The present invention provides a liquid crystal display device including a backlight module, the backlight module including an LED, as shown in FIGS. 1 to 3, the LED 100 includes a holder 1, a light-emitting chip 2, and a light conversion layer, wherein the holder 1 has a cavity open upward; the light-emitting chip 2 is located in the cavity of the holder 1, and is mounted on the bottom wall of the holder 1, and the light emitted by the light-emitting chip 2 The wavelength is shorter than the blue light; the light conversion layer is encapsulated in a cavity of the stent 1, the light conversion layer comprising quantum particles and an encapsulant layer 6, the quantum particles including red quantum particles 3, green quantum particles 4, and blue quantum The particles 5, the encapsulant layer 6 is wrapped around the red quantum particles 3, the green quantum particles 4, and the blue quantum particles 5.

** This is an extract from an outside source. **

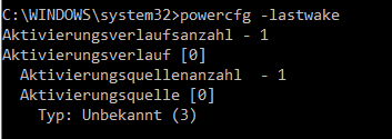 USB und Ethernet Adapter kann ich ausschließen (Bereits alles deaktiviert). Wenn ich in der Konsole den Befehl "powercfg -lastwake" ausführe, meldet er nur Unbekannt zurück (siehe Screenshot).

By encapsulating the light-emitting chip 2 with the red quantum particles 3, the green quantum particles 4, and the blue quantum particles 5 in the LED 100 inside, wherein the light-emitting chip 2 emits light having a wavelength shorter than the wavelength of the blue light, and the light emitted by the light-emitting chip 2 excites the red, green and blue quantum particles, so that the LED is provided The backlight module of 100 and the liquid crystal display device have a high color gamut effect, and also improve the light conversion efficiency of the quantum particles.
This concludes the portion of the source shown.